The relative size of the HPDs reveals that the amount of uncertainty around the parameter estimates is generally of the same order of magnitude as the parameter value (figure 4). The largest relative HPD ranges are found for dispersal or for preservation rates, depending on the settings. The precision of the rate estimates improves substantially with increasing size of the datasets (e.g. more than 40 lineages; figure 4a–c) and with higher preservation rates (e.g. qmin > 0.33; figure 4d–f). The bin sizes used to code the fossil geographical ranges may have a strong impact on the precision of the parameter estimates. Large bins (5 Myr) resulted in low precision around dispersal and extinction estimates (electronic supplementary material, figure S3). When using small bins (1 or 0.5 Myr) dispersal and extinction rates are more precise, but larger uncertainties are inferred around the preservation rates (electronic supplementary material, figures S4 and S5). Considering both accuracy and precision, the analyses indicate that the DES model performs best with time bins of 2.5 Myr under our simulation settings. Thus, we used 2.5 Myr time bins in the subsequent analysis of empirical data.
(b) Cenozoic dispersals and extinctions in vascular plants
The time-stratified DES model (marginal log-likelihood = −4803.63) fits the data significantly better than the constant rate model (marginal log-likelihood = −4954.83). The resulting Bayes factor equals 151.2 log units in favour of the stratified model, which can be interpreted as very strong statistical support [50]. The parameter estimates under the stratified model fell in the range of values used in our simulations, but the credible intervals were narrower than in most simulations, probably as a consequence of the large size of the empirical dataset. The preservation rates ranged between 0.28 and 0.75 in North America, depending on the time period, and between 0.29 and 0.66 in Eurasia. These values correspond to preservation rates (q) ranging from 0.13 to 0.56 expected occurrences per lineage per Myr, respectively.
Dispersal rates were roughly symmetric during the early Cenozoic (66–50 Ma), but underwent substantial changes between 50 and 32 Ma resulting in strongly asymmetric rates (figures 5 and 6). The dispersal rate from North America to Eurasia drastically decreased to less than half, whereas dispersal rate in the opposite direction underwent a 2.4-fold increase. Frequency of dispersal from North America to Eurasia increased again between 32 and 14 Ma, while it dropped to almost zero from Eurasia to North America. Finally, dispersal rates in both directions substantially increased towards the recent (14–0 Ma).
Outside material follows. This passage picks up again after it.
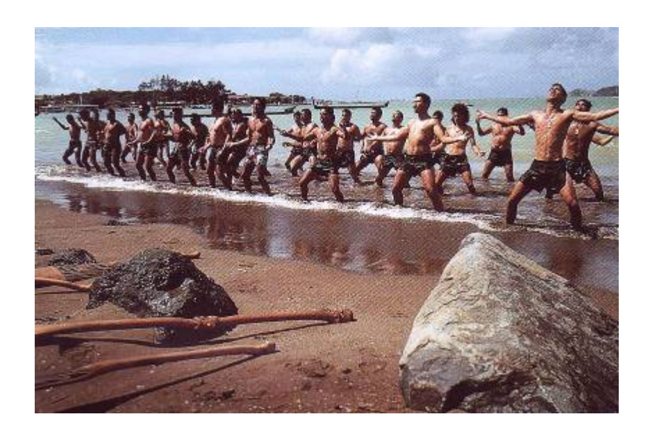
Waka regatta as part of Waitangi Day celebrations, 1990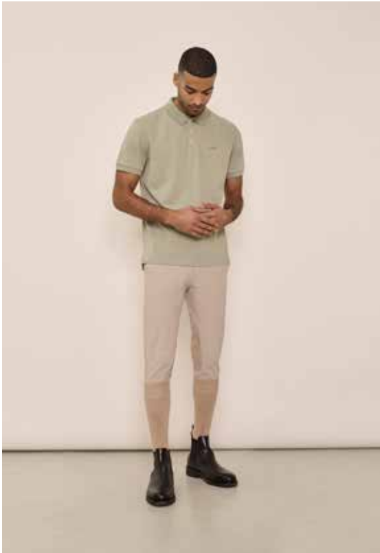
Martin Polo Shirt, Michael Knee Breeches

Extinction rates (expected number of extinction events per lineage/Myr) were similar in the two continents and ranged between 0.02 and 0.03 from the early Cenozoic to 32 Ma (figures 5 and 6). Subsequently, they dropped by 1 order of magnitude similarly in both areas between 32 and 14 Ma. The low extinction rate remained approximately unchanged until the present in North America. By contrast, we inferred a fourfold increase in extinction rate in Eurasia between 14 Ma and the present, resulting in significantly different extinction rates between the two areas in this time period.
4. Discussion
(a) Properties and assumptions of the dispersal–extinction–sampling model
We developed a new approach to infer the dynamics of geographical range evolution from fossil data, by adapting and expanding the dispersal and extinction stochastic process previously described in a phylogenetic framework [18]. Rate estimates under the DES model were accurate across the scenarios tested through simulations. These included a wide range of fossil preservation rates, under which the expected number of fossil occurrences per lineage varied between 1 every Myr (q = 1) and 1 every 20 Myr (q = 0.05). These preservation rates are realistic for several taxonomic groups, as shown by previous empirical analyses [46,62].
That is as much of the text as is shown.